In a statement Friday afternoon, ABG said that the publication “will continue.”
“Authentic is here to ensure that the brand of Sports Illustrated, which includes its editorial arm, continues to thrive as it has for the past nearly 70 years,” the company said in the statement. “We are confident that going forward the brand will continue to evolve and grow in a way that serves sports news readers, sports fans, and consumers.
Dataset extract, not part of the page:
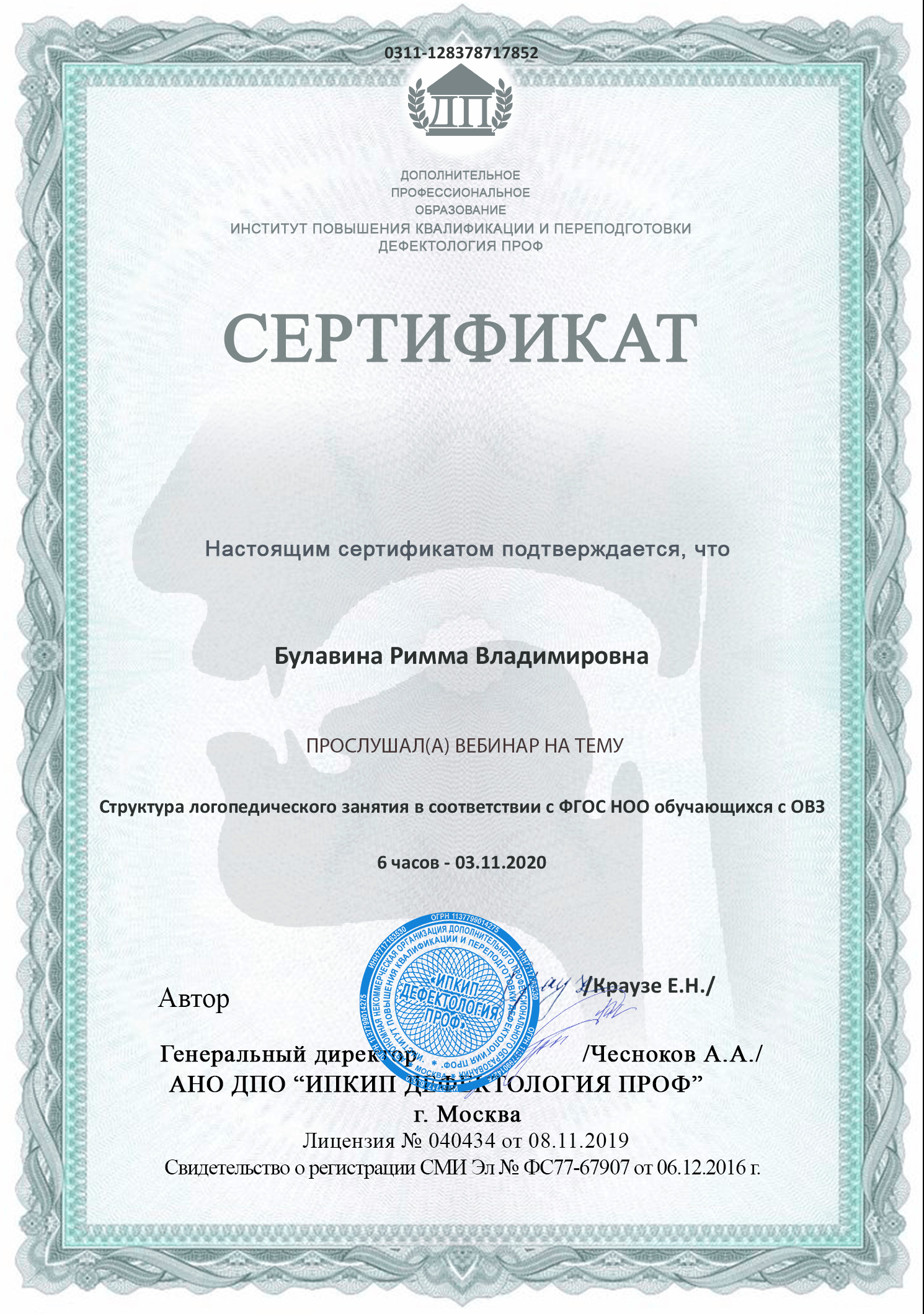 Сертификат участника вебинара на тему:"Структура логопедического занятия в соответствии с ФГОС НОО обучающихся с ОВЗ" (6 часов) 03.11.2020.

We are committed to ensuring that the traditional ad-supported Sports Illustrated media pillar has best in class stewardship to preserve the complete integrity of the brand’s legacy.”
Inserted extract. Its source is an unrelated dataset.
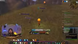 01:58:53Ein Running Gag des Streams ist der sogenannte 'Kaddi-Jinx'. Als sie im Gilden-Chat postet, dass niemand sterben soll, stirbt kurz darauf ein Mitspieler. Gleichzeitig erreicht der Streamer selbst Level 30, was er im Chat bekannt gibt und feiert. Die Gruppe bündelt nun ihre Kräfte, um die letzten Quests wie die Kriegsflaggen und die Midas-Tasche gemeinsam zu erledigen.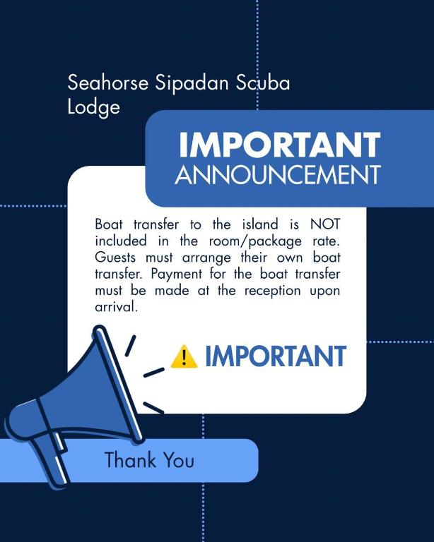 When it's time to bid farewell to this idyllic retreat, check-out is until 02:30 PM, giving you ample time to prepare for your onward journey. As you leave Seahorse Sipadan Scuba Lodge, you'll carry with you cherished memories of a truly magical experience in Semporna, Malaysia.

In a statement of its own, Arena Group said that “we are in active discussions with Authentic Brands Group (‘Authentic’) – but we understand we aren’t the only ones.”
“Even though the publishing license has been revoked we will continue to produce Sports Illustrated until this is resolved,” it added. “We hope to be the company to take SI forward but if not, we are confident that someone will. If it is another business, we will support with the transition so the legacy of Sports Illustrated doesn’t suffer.”
A union representative says that the NewsGuild is holding meetings today to discuss next steps. “We are calling on ABG to ensure the continued publication of SI and allow it to serve our audience in the way it has for nearly 70 years,” the Sports Illustrated Union and the NewsGuild of New York said in their statement Friday. “We expect The Arena Group to honor all the terms of our union contract and will fight for every one of our colleagues to be treated fairly.”
The layoffs at Sports Illustrated are just the latest in a round of major cuts happening at significant publications. On Thursday the Los Angeles Times confirmed that it is planning a new round of layoffs, which its union’s president called “the Big One,” and on Wednesday Condé Nast announced that it would be folding the music publication Pitchfork into the magazine GQ and laying off Pitchfork staffers as a result.
SI, which was first published in 1954, has had a tumultuous few years. Created by Time founder Henry Luce, SI was a part of the Time Inc. portfolio for decades. In 2018, Meredith Corp. acquired Time and its publications, including SI, but would go on to sell many of them, including the company namesake (Time is now owned by Salesforce founder Marc Benioff), and SI, which was sold to ABG.
In 2020, Sports Illustrated digital editorial staffers unionized, joining their print magazine counterparts as members of the NewsGuild of New York, after management voluntarily recognized the bargaining unit. The organizing drive was sparked, at least in part, by a wave of major layoffs that had hit the publication the previous year after The Arena Group — then called Maven — took control.
In December, the publication came under fire for allegedly using artificial intelligence to produce stories. A Nov. 27 article in Futurism reported that the company had published the work of fake, AI-generated writers. At the time, the company said in a statement that it had licensed this content from a third party, AdVon Commerce, and “AdVon has assured us that all of the articles in question were written and edited by humans,” but some were penned under pseudonyms. Amid the controversy, Sports Illustrated ended its work with AdVon Commerce and fired its CEO.